Women’s cross-country trains to take GNACs

Last season, the Norwich University women’s cross country team finished first in the Great Northeast Athletic Conference (GNAC). With a new roster, they were “hoping for the double wins” with the men’s team this season, according to the women’s team captain.

With five meets in hand, the team has a first, 2nd and fourth in three in-state meets,and came in 11th out of 39 teams at the big Westfield State Invitational on Oct. 10

The new runners have brought “a lot of energy” and it has been “really motivational to see them,” said Captain Rebecca Sweem, 21, a senior mathematics major from Richmond, Maine. “They are putting a lot of competition between the upperclassmen.”

Seven freshmen were added to the team, which made them almost half of the current 16 runners on the team with Sweem and Chapel Guarnieri as the new captains.

Despite the many changes occurring in the team, Sweem said the team still had the motivation from winning last year to train harder this year.

Both freshmen and the captains were new to their positions, but they have all contributed greatly, said Nick Cooper, the women’s head coach, adding that the team had “a good group” for competition.

The contributions from the captains and the upperclassmen helped him and the team, especially the freshmen, Cooper said. The upperclassmen are also supporting new runners in many aspects, including cross country and classes, Sweem said. They were “compatible with one another” and this led to the better team environment.

The upperclassmen “try to help us with whatever they can whether it’s running or Rookdom,” said Leah Cifuentes, 18, a freshman communication major from Pittsburgh, Pa, adding that she felt “very at ease” during practice time.

Team bonding was important to the women’s team as it motivated players, Sweem said. Unlike other sports that practice individually in men’s and women sports, cross -country teams train together with both males and females, which creates a better atmosphere during practice.

Players generally stay together not only during the practice, but also during the travel to the meeting place, Sweem said. They spent a lot of time as a team and were closer compared to last season.

The team performs better when the players help each other, said Danielle Franco, 20, a junior civil engineering major from Corpus Christi, Texas, adding that “if we are all happy in the practice, then we work harder and contribute more.”

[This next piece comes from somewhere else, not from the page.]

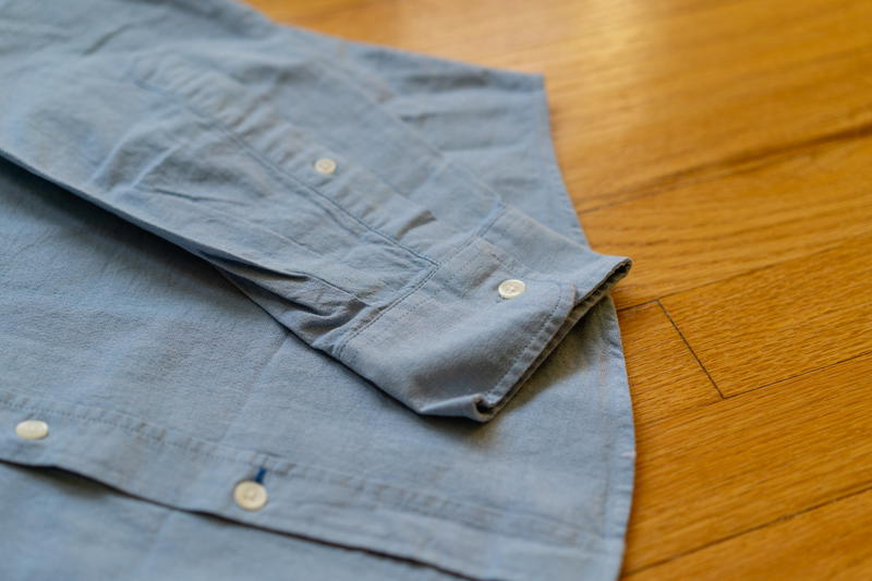 Because it’s chambray rather than a formal dress shirt, it’s designed to be worn more casually - top button undone, sleeves rolled up. This makes it perfect for the kind of business casual environments you encounter while traveling, where you want to look put-together but not overly formal.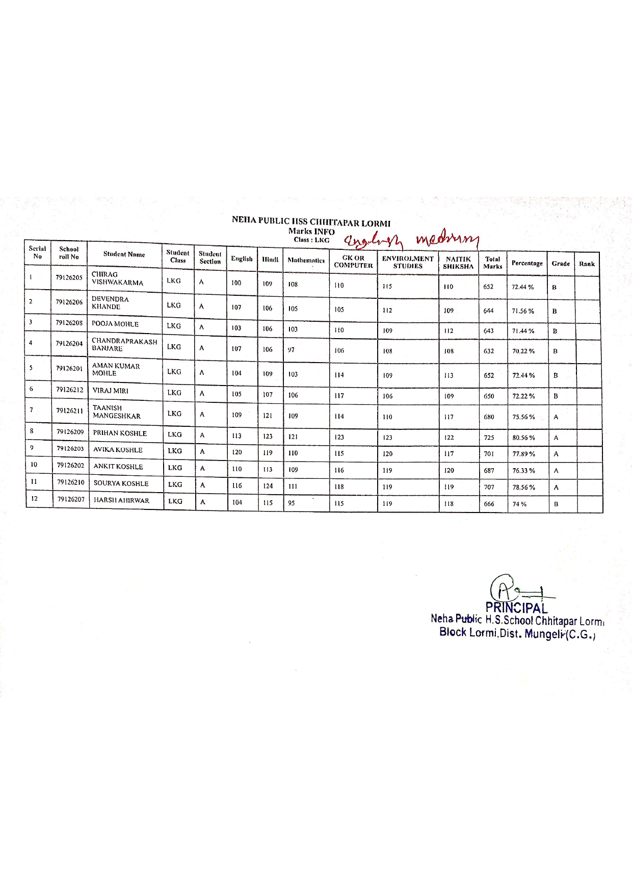 Class LKG Result (English Medium)

Although the training helps with the physical fitness side, it is also important for the team to stay healthy and avoid the injuries, Franco said.

Because a majority of the team is freshmen, the current roster could be considered inexperienced but they were all talented, Cooper said. As a result, the team can rely more on the new players this season.

The youth of the runners has also been a benefit. “The strength of the team is in the younger generation of the team,” Sweem said, adding that they motivated her to train harder than last year.

Many new players run “at the front” during the practice, Franco said. “They are pushing the rest of team to get better and improve.”

But one of the new runners, Cifuentes, said that “the upperclassmen are the strength of the team,” and they inspire the freshmen to run faster.

With the combination of experienced and new runners, the team has looked promising, Sweem said. “We are a lot faster and I think we have more determination to keep the win that we had last year.”

“We are taking a step forward from what we were in the past,” Cooper said.